__Information supplied__:
»»

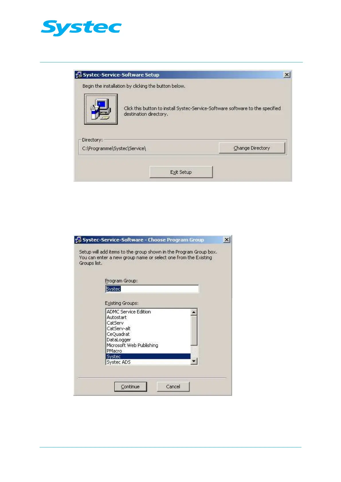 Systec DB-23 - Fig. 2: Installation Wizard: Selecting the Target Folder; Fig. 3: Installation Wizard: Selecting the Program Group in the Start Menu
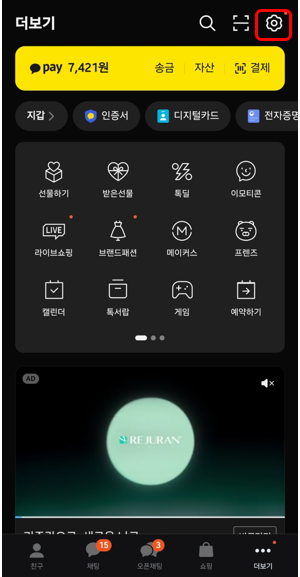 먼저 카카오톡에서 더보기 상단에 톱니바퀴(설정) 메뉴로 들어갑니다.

««
»»

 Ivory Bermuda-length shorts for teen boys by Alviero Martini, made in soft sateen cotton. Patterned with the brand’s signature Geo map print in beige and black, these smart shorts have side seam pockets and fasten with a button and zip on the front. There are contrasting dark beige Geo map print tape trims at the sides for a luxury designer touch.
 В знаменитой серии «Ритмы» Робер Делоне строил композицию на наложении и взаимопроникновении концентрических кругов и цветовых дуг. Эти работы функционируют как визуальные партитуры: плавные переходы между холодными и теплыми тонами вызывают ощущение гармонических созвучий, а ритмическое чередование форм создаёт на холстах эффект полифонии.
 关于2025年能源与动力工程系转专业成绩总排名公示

««

__Task item__: Look above for the line that contains "Ivory Bermuda-length shorts". Starting there, transcribe every line exactly until you have copied the line that contains "关于2025年能源与动力工程系转专业成绩总排名公示".

__Output of the task__:
 Ivory Bermuda-length shorts for teen boys by Alviero Martini, made in soft sateen cotton. Patterned with the brand’s signature Geo map print in beige and black, these smart shorts have side seam pockets and fasten with a button and zip on the front. There are contrasting dark beige Geo map print tape trims at the sides for a luxury designer touch.
 В знаменитой серии «Ритмы» Робер Делоне строил композицию на наложении и взаимопроникновении концентрических кругов и цветовых дуг. Эти работы функционируют как визуальные партитуры: плавные переходы между холодными и теплыми тонами вызывают ощущение гармонических созвучий, а ритмическое чередование форм создаёт на холстах эффект полифонии.
 关于2025年能源与动力工程系转专业成绩总排名公示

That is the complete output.